“There were some language challenges with the original version and I think they’re trying to eliminate those concerns,” said Sen. Tim Kaine (D-Va.). “They’re taking care of that. Is that enough to get Manchin’s support? I don’t know.”
Meanwhile, the GOP’s two pro-abortion-rights senators, Susan Collins and Lisa Murkowski, are still pressing for a vote on the narrowest possible Roe-preserving measure — despite Democratic leaders’ disinterest in it so far.
With the legislative filibuster still intact, requiring 60 votes to pass most bills, Democrats acknowledge the coming Senate floor vote will be largely symbolic. Still, party leaders argue it’s necessary to put senators on the record given the heightened stakes on abortion rights following the breached draft opinion.
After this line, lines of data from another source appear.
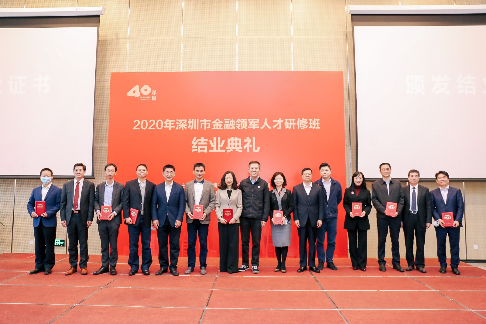 平生書記在致辭中表示,2020年是極不平凡的一年,是金融機構(gòu)積極主動作為、彰顯責任擔當?shù)囊荒辏彩巧钲诮鹑跇I(yè)逆勢而上,保持平穩(wěn)健康發(fā)展的一年,金融機構(gòu)對全市統(tǒng)籌疫情防控和經(jīng)濟社會發(fā)展作出了重要貢獻,金融業(yè)在全市經(jīng)濟增長實現(xiàn)V形反轉(zhuǎn)、率先翻正中發(fā)揮了“壓艙石”作用,這些成績來自每一位金融人才的拼搏奮斗,領(lǐng)軍人才為行業(yè)發(fā)展做出了積極的貢獻。研修班期間,學(xué)員們一起聆聽名家大咖講課、踴躍參加主題論壇、認真撰寫調(diào)研報告,還開展了閉門研討、名企考察、交流互訪等形式多樣的活動,既豐富了知識、開闊了眼界,也促進了交流、收獲了友誼,總體達到了預(yù)期效果,為全面實施“深圳百千萬金融人才培養(yǎng)工程”奠定了扎實基礎(chǔ)。他希望學(xué)員學(xué)思悟踐、學(xué)以致用,緊抓粵港澳大灣區(qū)、先行示范區(qū)“雙區(qū)驅(qū)動”和綜合改革試點的重大歷史機遇,聚焦制約行業(yè)發(fā)展重點難點問題,深入研究、謀篇破題,為深圳金融業(yè)高質(zhì)量發(fā)展做出更大貢獻。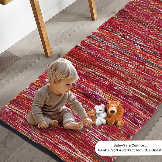 Cotton Chindi Runner Rug - 2X6 Ft Multi-Color, Bohemian Farmhouse Runner for Living Room, Bedroom, Hallways, Patio, and Kitchen | Soft Decorative Floor Carpet - 24X36 Inches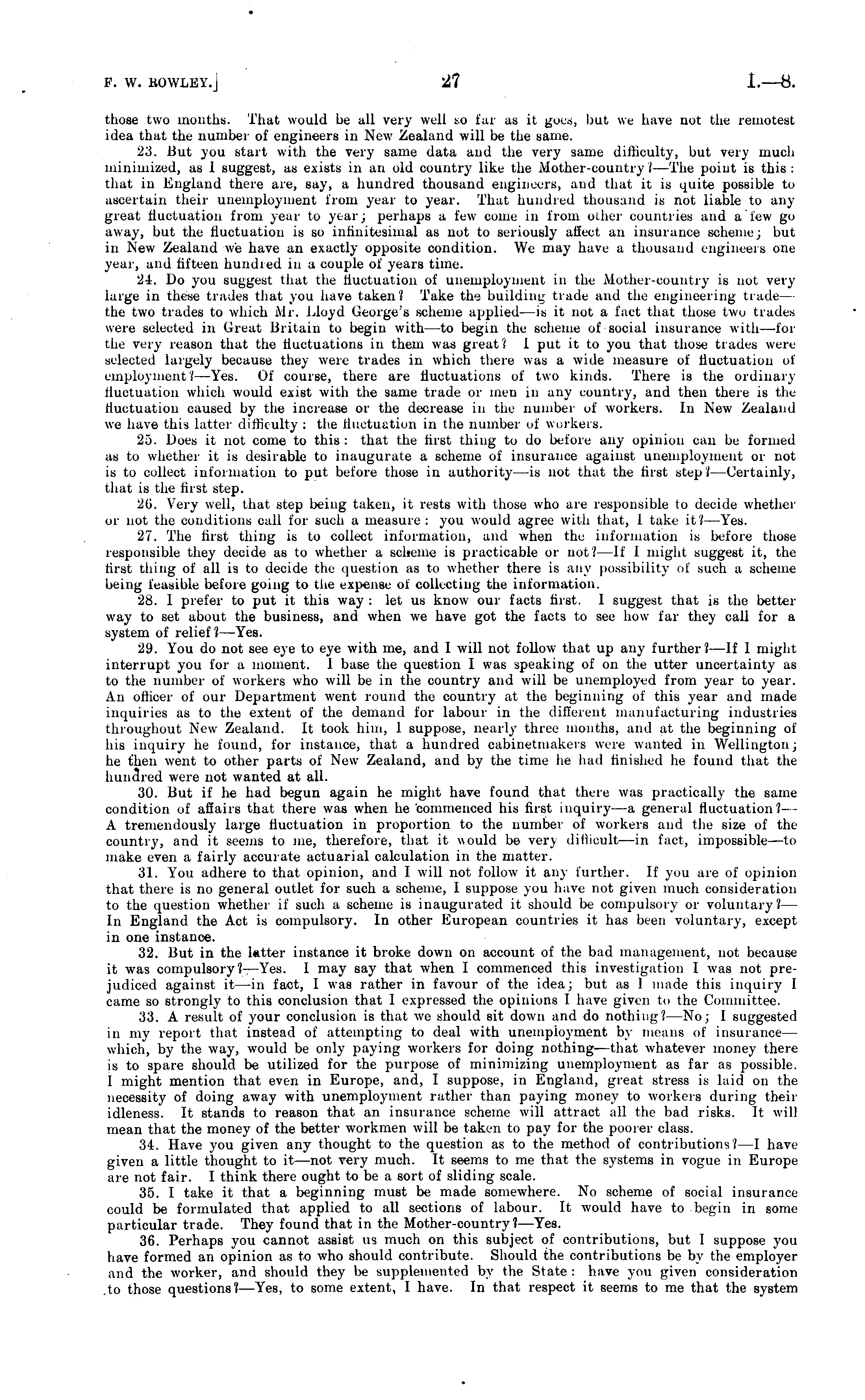 those two months. That would be all very well so far us it goes, but we have not the remotest idea that the number of engineers in New Zealand will be the same. 23. But you start with the very same data and the very same difficulty, but very much minimized, as 1 suggest, as exists in an old country like the Mother-country I—The1 —The point is this: that in England there are, say, a hundred thousand engineers, and that it is quite possible to ascertain their unemployment from year to year. That hundred thousand is not liable to any great fluctuation from year to year; perhaps a few come in from other countries and a lew go away, but the fluctuation is so infinitesimal as not to seriously affect an insurance scheme; but in New Zealand we have an exactly opposite condition. We may have a thousand engineers one year, and fifteen hundred in a couple of years time. 2-i. Do you suggest that the fluctuation of unemployment in the Mother-country is not very large in these trades that you have taken? Take thy building trade and the engineering trade the two trades to which Mr. Lloyd George's scheme applied—is it not a fact that those two trades were selected in Great Britain to begin with—to begin the scheme of social insurance with— for the very reason that the fluctuations in them was great.' 1 put it to you that those trades were selected largely because they were trades in which there was a wide measure of fluctuation of employment.' —Yes. Of course, there are fluctuations of two kinds. There is the ordinary iluctuation which would exist with the same trade or men in any country, and then there is the fluctuation caused by the increase or the decrease in the number of workers. In New Zealand we have this latter difficulty : the fluctuation in the number of workers. 25. Does it not come to this : that the first thing to do before any opinion can be formed as to whether it is desirable to inaugurate a scheme of insurance against unemployment or not is to collect information to put before those in authority —is not that the first step?— Certainly, that is the first step. 20. Very well, that step being taken, it rests with those who are responsible to decide whether or not the conditions call for such a measure: you would agree with that, f take it?— Yes. 27. The first thing is to collect information, and when the in formation is before those responsible they decide as to whether a scheme is practicable or not? —If 1 might suggest it, the first thing of all is to decide the question as to whether there is any possibility of such a scheme being feasible before going to the expense of collecting the information. 28. 1 prefer to put it this way : let us know our facts first. 1 suggest that is the better way to set about the business, and when we have got the facts to see how far they call for a system of relief? —Yes. 29. You do not see eye to eye with me, and 1 will not follow that up any further?—lf 1 might interrupt you for a moment. 1 base the question I was speaking of on the utter uncertainty as to the number of workers who will be in the country anil will be unemployed from year to year. An officer of our Department went round the country at the beginning of this year and made inquiries as to the extent of the demand for labour in the different manufacturing industries throughout New Zealand. It took him, 1 suppose, nearly three months, and at the beginning of his inquiry he found, for instance, that a hundred cabinetmakers were wanted in Wellington; he then went to other parts of New Zealand, and by the time lie hail finished he found that the hundred were not wanted at all. 30. But if he had begun again he might have found that there was practically the same condition of affairs that there was when he commenced his first inquiry—a general fluctuation?— A tremendously large fluctuation in proportion to the number of workers and the size of the country, and it seems to me, therefore, that it would be very difficult —in fact, impossible—to make even a fairly accurate actuarial calculation in the matter. 31. You adhere to that opinion, and I will not follow it any further. If you are of opinion that there is no general outlet for such a scheme, I suppose you have not given much consideration to the question whether if such a scheme is inaugurated it should be compulsory or voluntary?— In England the Act is compulsory. In other European countries it has been voluntary, except in one instance. 32. But in the tatter instance it broke down on account of the bad management, not because it was compulsory? —Yes. I may say that when I commenced this investigation I was not prejudiced against it —in fact, I was rather in favour of the idea ; but as I made this inquiry I came so strongly to this conclusion that I expressed the opinions I have given to the Committee. 33. A result of your conclusion is that we should sit down and do nothing? —No; I suggested in my report that instead of attempting to deal with unemployment by means of insurance — which, by the way, would be only paying workers for doing nothing —that whatever money there is to spare should be utilized for the purpose of minimizing unemployment as far as possible. I might mention that even in Europe, and, I suppose, in England, great stress is laid on the necessity of doing away with unemployment rather than paying money to workers during their idleness. It stands to reason that an insurance scheme will attract all the bad risks. It will mean that the money of the better workmen will be taken to pay for the poorer class. 34. Have you given any thought to the question as to the method of contributions? —I have given a little thought to it—not very much. It seems to me that the systems in vogue in Europe are not fair. I think there ought to be a sort of sliding scale. 35. I take it that a beginning must be made somewhere. No scheme of social insurance could be formulated that applied to all secti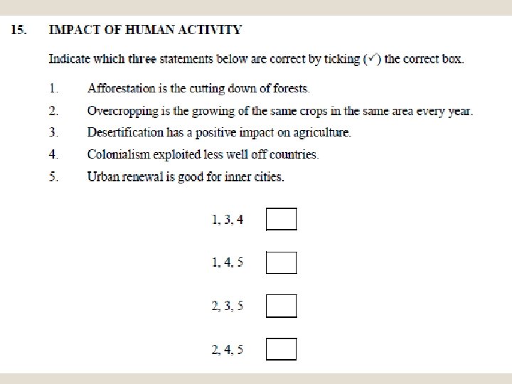 Solutions to Desertification • Plant grasses and trees to bind the sand together. • Restrict the number of livestock and introduce new breeds. • Create irrigation schemes to increase water supply and make more land for grazing. Dig Deeper wells. • Educate farmers and families in modern farming techniques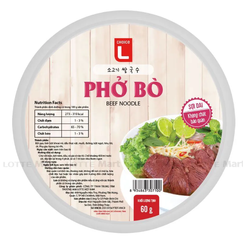 Phở Bò Choice L (CL)Tô 60G gây ấn tượng hương vị phở bò truyền thống đậm đà của Việt Nam, không cần ra hàng quán bạn vẫn có thể thưởng thức phở bò đóng gói từ thương hiệu Choice L. Sản phẩm được sản xuất trên dây chuyền công nghệ khép kín, đảm bảo vệ sinh an toàn thực phẩm cho người tiêu dùng. Có thể dùng làm bữa ăn nhanh đầy bổ dưỡng.

Both Kaine and Blumenthal suggested that the Senate could take even more votes on Roe after next week’s vote fails.
Among the bills some Democrats are reviewing is the narrower proposal by Collins (R-Maine) and Murkowski (R-Alaska) to codify Roe v. Wade. Manchin said Wednesday he hadn’t seen the bill, but added: “We’ll be working with them.” Schumer, though, said this week he hadn’t looked at the Collins-Murkowski bill.
The latest version of Blumenthal’s bill strips out non-binding language that some Democrats found controversial — including statements linking abortion to “white supremacy” and “gender oppression” and emphasizing that the protections in it apply both to women and “transgender men, non-binary individuals, those who identify with a different gender, and others.”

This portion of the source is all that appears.